На путь открытой оппозиции режиму А. И. Солженицын вступил в мае 1967 года, обнародовав свое «Открытое письмо IV съезду Союза советских писателей». В нем он призывал покончить с цензурой и рассказал о преследованиях КГБ: у него изъяли рукопись, началась газетная травля, его произведения были запрещены.
В то же время романы «В круге первом» (1968) и «Раковый корпус» (1969) попадают на Запад и выходят там без согласия автора, что усугубляет и без того тяжелое положение Солженицына на родине. Писатель отказался нести ответственность за публикацию своих произведений за границей и заявил, что власти способствовали вывозу рукописей из страны, используя это как предлог для его ареста.
В 1970 году А. И. Солженицыну присуждается Нобелевская премия. Он намеревался получить награду лично, в установленный день. Однако в руководстве страны посчитали решение Нобелевского комитета «политически враждебным». В итоге писатель принял высокую награду, но на церемонии награждения не присутствовал.
В то время Солженицын держался в стороне от всех диссидентских кружков, не планировал покидать страну, пытался получить московскую прописку, приобрести кооперативную квартиру. Но КГБ решительно отказывало ему в этом.
После известия о присуждении писателю Нобелевской премии в КГБ был подготовлен проект Указа Президиума Верховного Совета СССР «о выдворении Солженицына из пределов СССР» и лишении его советского гражданства. В своей книге «Андропов» Р. А. Медведев приводит записку Р. А. Руденко и Ю. В. Андропова секретарям ЦК, где, в частности, отмечалось: «Проживание Солженицына в стране после вручения ему Нобелевской премии укрепит его позиции и позволит активнее пропагандировать свои взгляды… Выдворение Солженицына из Советского Союза лишит его этой позиции — позиции внутреннего эмигранта и всех преимуществ, связанных с этим… Сам же акт выдворения вызовет кратковременную антисоветскую кампанию за рубежом с участием некоторых органов коммунистической прессы… Взвесив все обстоятельства, считали бы целесообразным решить вопрос о выдворении Солженицына из пределов Советского государства»[123].

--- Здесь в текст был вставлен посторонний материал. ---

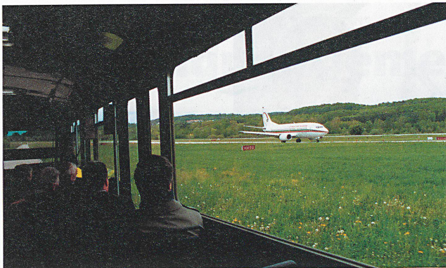
Visite de la zone aéroportuaire en bus spécial.

За Солженицыным было установлено наблюдение. В отношении его предлагались и более жесткие, суровые меры.
В этой ситуации Щелоков занял иную позицию. Министр внутренних дел подготовил и передал лично Л. И. Брежневу записку «К вопросу о Солженицыне».
С позиции нынешнего дня, очевидно, что предложенное Щелоковым решение «проблемы Солженицына» было наиболее правильным в тех условиях.
Приведу некоторые выдержки из этого документа.
«ПРИ РЕШЕНИИ ВОПРОСА О СОЛЖЕНИЦЫНЕ НЕОБХОДИМО УЧИТЫВАТЬ СЛЕДУЮЩЕЕ ПОЛОЖЕНИЕ»:
1. Солженицын стал крупной фигурой в идеологической борьбе. Это реальность, с которой нельзя не считаться. Ни замолчать, ни обойти этот факт нельзя…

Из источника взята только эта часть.